12 November 2013 – valediction

12 November 2013

valediction

[val-i-dik-shuhn]

noun

1. an act of bidding farewell or taking leave.
2. an utterance, oration, or the like, given in bidding farewell or taking leave; valedictory.

Origin:

1605–15; < Latin valedictiōn- (stem of valedictiō ), equivalent to valedict ( us ), past participle of valedīcere ( vale farewell + dictus, past participle of dīcere to say) + -iōn- -ion


Today’s aphorism

Dealing with backstabbers, there was one thing I learned. They’re only powerful when you got your back turned.

– Eminem (Marshall Mathers III)


On this day

12 November 1927 – Josef Stalin takes full control of the Soviet Union after Leon Trotsky was expelled from the Communist Party a few weeks earlier.

12 November 1944 – sinking of the German battleship, Tirpitz. The Allies had tried for two years to sink the ship. Finally, 32 British Lancaster bombers attack and sink the ship.

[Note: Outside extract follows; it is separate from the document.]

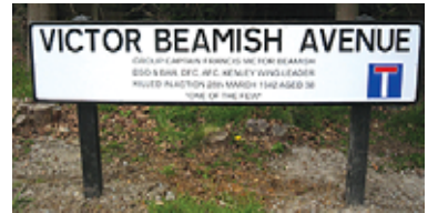
Victor Beamish Avenue:

12 November 1990 – Swiss computer scientist, Tim Berners-Lee, inventor of the World Wide Web, publishes a formal proposal for hyper-text transfer, this followed his proposal for Information Management, published in March 1989. On 25 December 1990, he makes the world’s first successful communication between a hyper-text transfer protocol (HTTP) client and a server; and the world wide web is born. He is director of the World Wide Web Consortium (W3C) which oversees the ongoing development of the world-wide web.